Work to complete:
Going line by line through the records below, write out everything starting with the line containing "- Add Do Until" and going on through the line containing "PCI Express PCI-E", exactly and inclusively. Pictures do not go in.

Records to use:

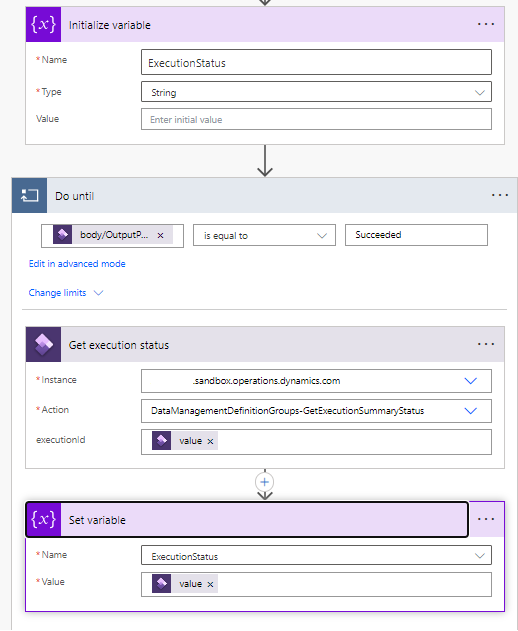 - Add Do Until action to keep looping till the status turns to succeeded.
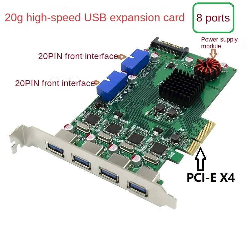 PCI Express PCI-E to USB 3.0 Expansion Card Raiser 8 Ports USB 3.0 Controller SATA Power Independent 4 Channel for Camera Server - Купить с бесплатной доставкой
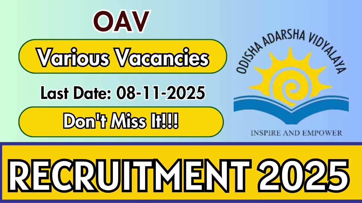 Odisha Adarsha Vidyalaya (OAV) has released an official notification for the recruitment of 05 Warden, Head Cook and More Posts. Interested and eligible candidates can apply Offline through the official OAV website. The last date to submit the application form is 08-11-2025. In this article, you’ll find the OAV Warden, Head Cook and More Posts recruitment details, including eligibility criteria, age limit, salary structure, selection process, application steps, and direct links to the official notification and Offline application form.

* * *

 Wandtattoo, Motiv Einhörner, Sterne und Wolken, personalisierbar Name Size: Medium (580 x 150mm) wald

Result for this task:
 - Add Do Until action to keep looping till the status turns to succeeded.
 PCI Express PCI-E to USB 3.0 Expansion Card Raiser 8 Ports USB 3.0 Controller SATA Power Independent 4 Channel for Camera Server - Купить с бесплатной доставкой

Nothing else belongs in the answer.